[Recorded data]
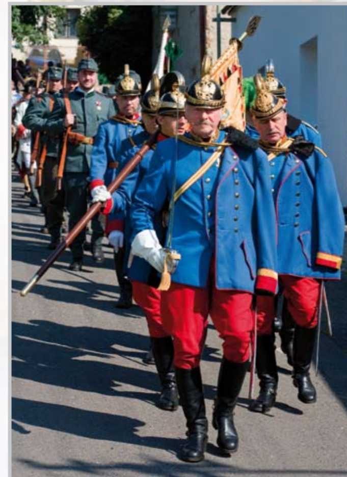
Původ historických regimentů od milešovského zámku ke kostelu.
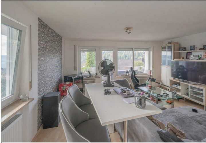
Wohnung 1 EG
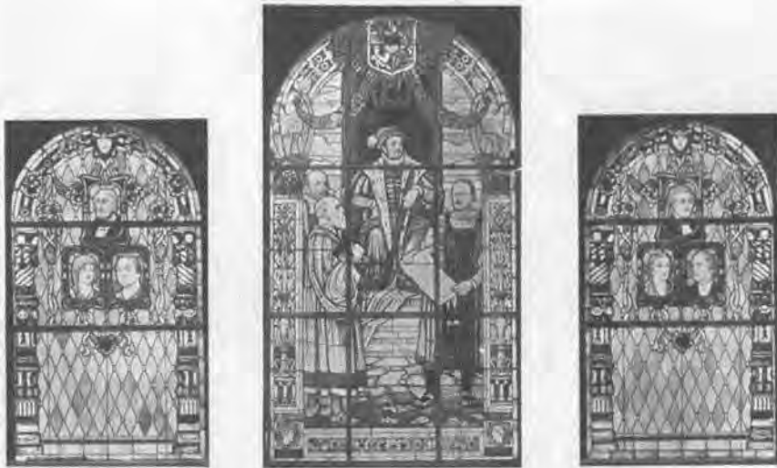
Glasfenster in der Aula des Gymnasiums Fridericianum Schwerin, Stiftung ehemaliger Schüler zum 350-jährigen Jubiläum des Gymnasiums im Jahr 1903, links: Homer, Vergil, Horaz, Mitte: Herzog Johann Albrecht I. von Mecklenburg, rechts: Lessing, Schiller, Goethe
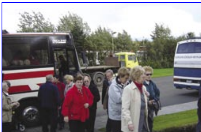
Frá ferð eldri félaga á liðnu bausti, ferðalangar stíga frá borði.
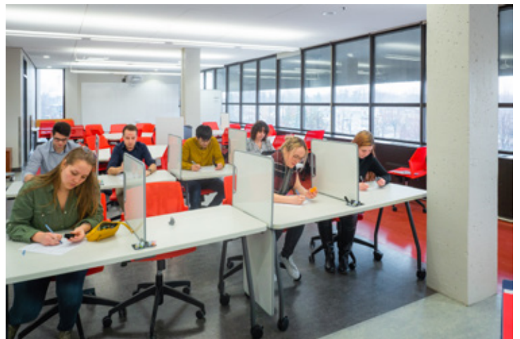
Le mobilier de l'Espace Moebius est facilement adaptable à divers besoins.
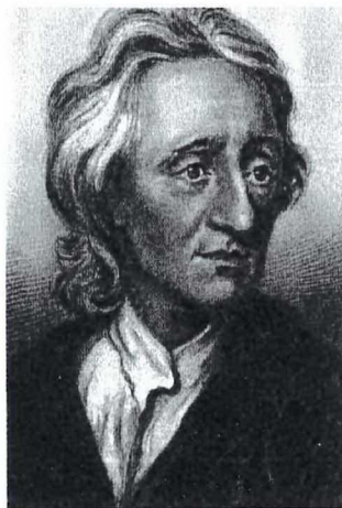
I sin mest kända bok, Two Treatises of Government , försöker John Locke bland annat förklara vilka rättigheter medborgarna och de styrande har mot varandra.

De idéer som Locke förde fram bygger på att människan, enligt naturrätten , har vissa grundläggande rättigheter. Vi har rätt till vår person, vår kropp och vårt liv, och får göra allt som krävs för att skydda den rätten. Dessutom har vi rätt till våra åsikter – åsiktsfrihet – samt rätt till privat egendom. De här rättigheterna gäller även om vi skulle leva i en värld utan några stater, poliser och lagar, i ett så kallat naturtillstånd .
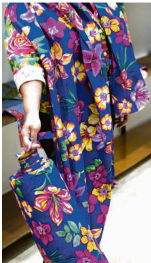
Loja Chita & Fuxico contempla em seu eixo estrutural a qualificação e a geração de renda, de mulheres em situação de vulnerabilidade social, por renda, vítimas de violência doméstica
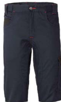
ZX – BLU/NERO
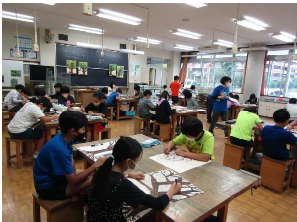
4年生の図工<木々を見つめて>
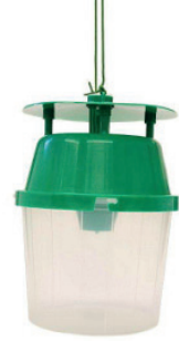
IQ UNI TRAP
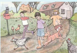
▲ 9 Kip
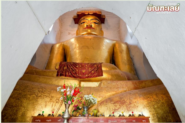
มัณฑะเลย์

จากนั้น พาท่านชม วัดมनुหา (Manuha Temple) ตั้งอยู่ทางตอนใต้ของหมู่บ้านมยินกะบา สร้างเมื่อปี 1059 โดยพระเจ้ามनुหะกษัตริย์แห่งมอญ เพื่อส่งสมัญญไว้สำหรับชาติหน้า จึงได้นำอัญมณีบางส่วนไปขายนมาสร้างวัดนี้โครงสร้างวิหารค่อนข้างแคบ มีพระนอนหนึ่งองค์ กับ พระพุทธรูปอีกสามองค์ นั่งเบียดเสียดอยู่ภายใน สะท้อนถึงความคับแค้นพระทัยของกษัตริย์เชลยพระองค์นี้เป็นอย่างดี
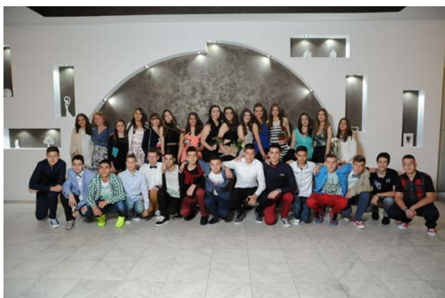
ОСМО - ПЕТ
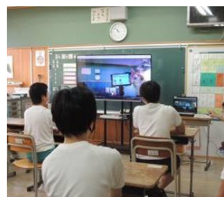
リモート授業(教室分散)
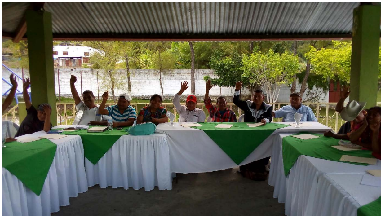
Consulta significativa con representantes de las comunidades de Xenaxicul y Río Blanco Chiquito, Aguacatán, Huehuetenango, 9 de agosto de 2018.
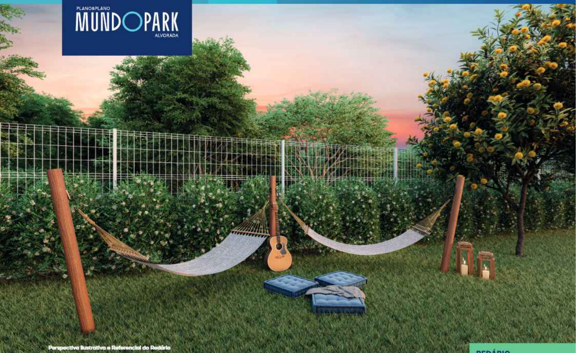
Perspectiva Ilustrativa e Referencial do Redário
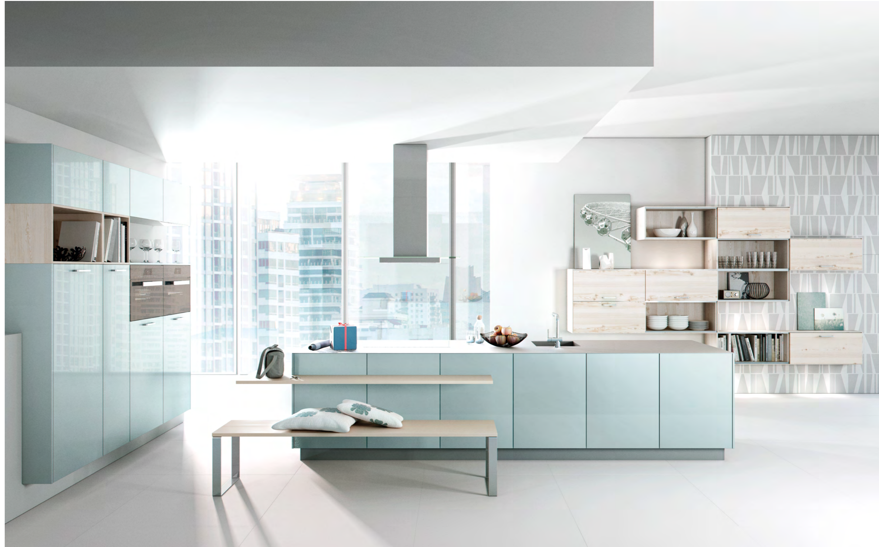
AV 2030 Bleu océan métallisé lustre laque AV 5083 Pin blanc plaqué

EXERCISE REQUIREMENTS
The first line of the entries, the line containing "I sin mest kända", and every line between them are to be output exactly; pictures are not.

ANSWER TO THIS EXERCISE
Původ historických regimentů od milešovského zámku ke kostelu.
Wohnung 1 EG
Glasfenster in der Aula des Gymnasiums Fridericianum Schwerin, Stiftung ehemaliger Schüler zum 350-jährigen Jubiläum des Gymnasiums im Jahr 1903, links: Homer, Vergil, Horaz, Mitte: Herzog Johann Albrecht I. von Mecklenburg, rechts: Lessing, Schiller, Goethe
Frá ferð eldri félaga á liðnu bausti, ferðalangar stíga frá borði.
Le mobilier de l'Espace Moebius est facilement adaptable à divers besoins.
I sin mest kända bok, Two Treatises of Government , försöker John Locke bland annat förklara vilka rättigheter medborgarna och de styrande har mot varandra.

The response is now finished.